This chilled summer soup is a perfect way to enjoy seasonal fresh vegetables.
- 4 large ripe tomatoes (about 2 pounds), quartered
- 1 large green bell pepper, quartered and seeded
- 1 green tomato, quartered (optional)
- 1 jalapeno, halved and seeded (optional)
- 2 large cloves garlic, peeled and halved
- Olive oil
- 1 medium purple onion, chopped
- 1 large cucumber, chopped
- 1 teaspoons lime juice
- 1 tablespoon white vinegar
- Salt and pepper to taste
- Additional finely chopped fresh vegetables (onion, cucumber, corn, etc.) and herbs for garnish
- Place the tomatoes, bell pepper, green tomato, jalapeno and garlic in a large baking dish and drizzle lightly with olive oil.
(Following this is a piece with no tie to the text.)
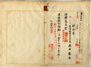 三三 台北郵便局勤務台湾総督府通信属麻田龍馬ハ疾病ニ罹リ職ニ堪ヘサル旨ヲ以テ辞職願ニ依リ本官ヲ免シ事務格別勉励ニ付キ一時金ヲ賞与ス
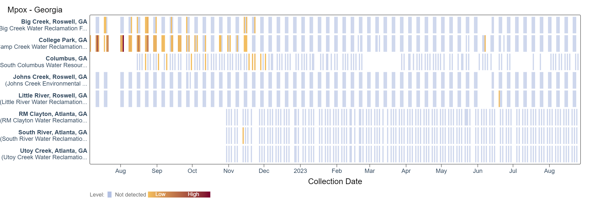 Results are non-detect for mpox for the past 21 days at Georgia plants. This heat map shows data since July 2022. Sites are labeled in the rows and each date a sample was collected as a column. The color blue means the sample was non-detect for mpox DNA and the colors get darker with higher concentrations.

Broil on high until the vegetables have some light charring – about 8-10 minutes.
- Put the broiled vegetables, onion, cucumber, lime juice, and vinegar in a large blender and process until smooth. If the consistency is too thick, you can add additional tomato juice or vegetable broth.
- Season with salt to taste. Let the gazpacho cool or chill slightly in the refrigerator before serving. Serve with finely chopped fresh vegetables and herbs to garnish each bowl.